◆ Task prompt ◆
Starting with the line that contains "При татуаже бровей" and ending with the last line of the listing, print each line exactly. Pictures stay out.

==== Source material ====

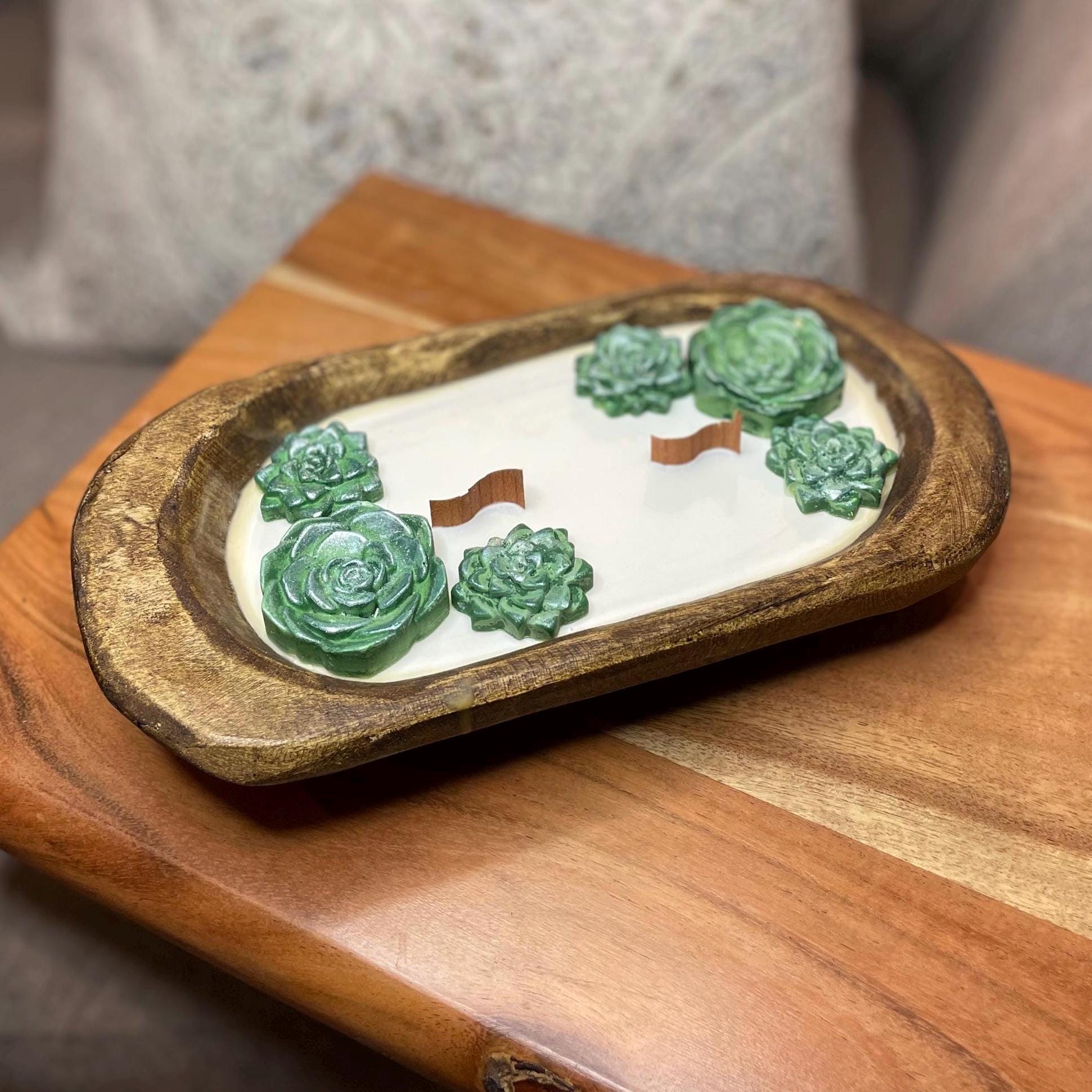 Our Dough Bowl Cactus Rose scented organic soy candle made of hand poured soy/coconut wax blend infused with cactus blossom like fragrance oils. Candle has a beautiful succulent scene to enjoy. Light this candle to fill your home with a sweet and light musk scent for a relaxing aroma, perfect for any occasion! This candle makes a great house warming, birthday, shower, or wedding gift.
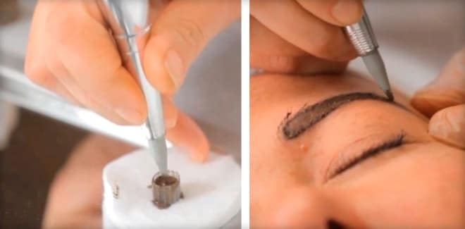 При татуаже бровей волосковым методом косметолог действует примерно так же, как при создании других разновидностей перманентного макияжа: вносит красящий пигмент в кожу при помощи игл ручной манипулы или автоматической татуировальной машинки.
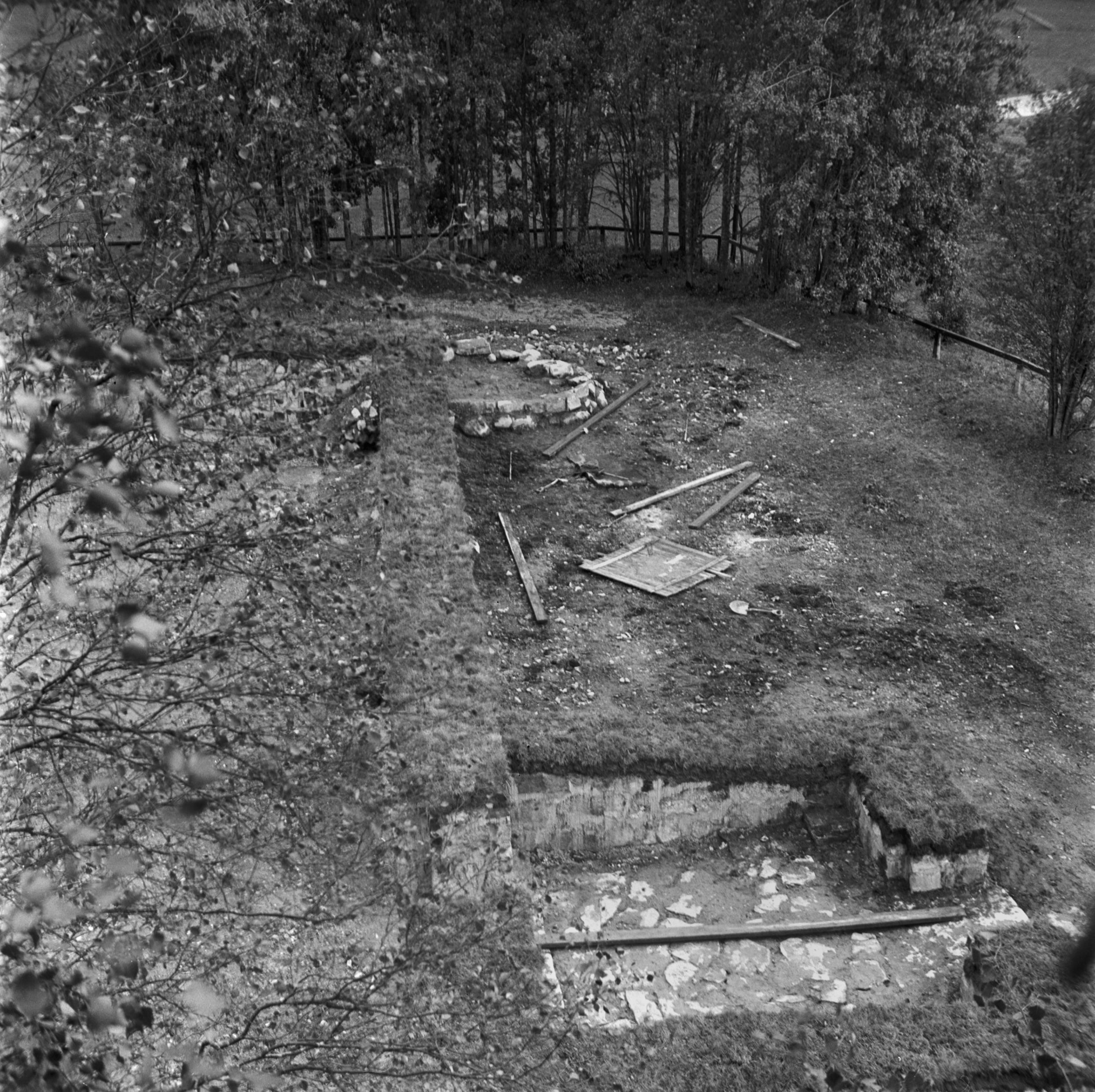 Beskrivning: Kyrkoruinen. Ruinens södra del från väster.

====

◆ Task answer ◆
 При татуаже бровей волосковым методом косметолог действует примерно так же, как при создании других разновидностей перманентного макияжа: вносит красящий пигмент в кожу при помощи игл ручной манипулы или автоматической татуировальной машинки.
 Beskrivning: Kyrkoruinen. Ruinens södra del från väster.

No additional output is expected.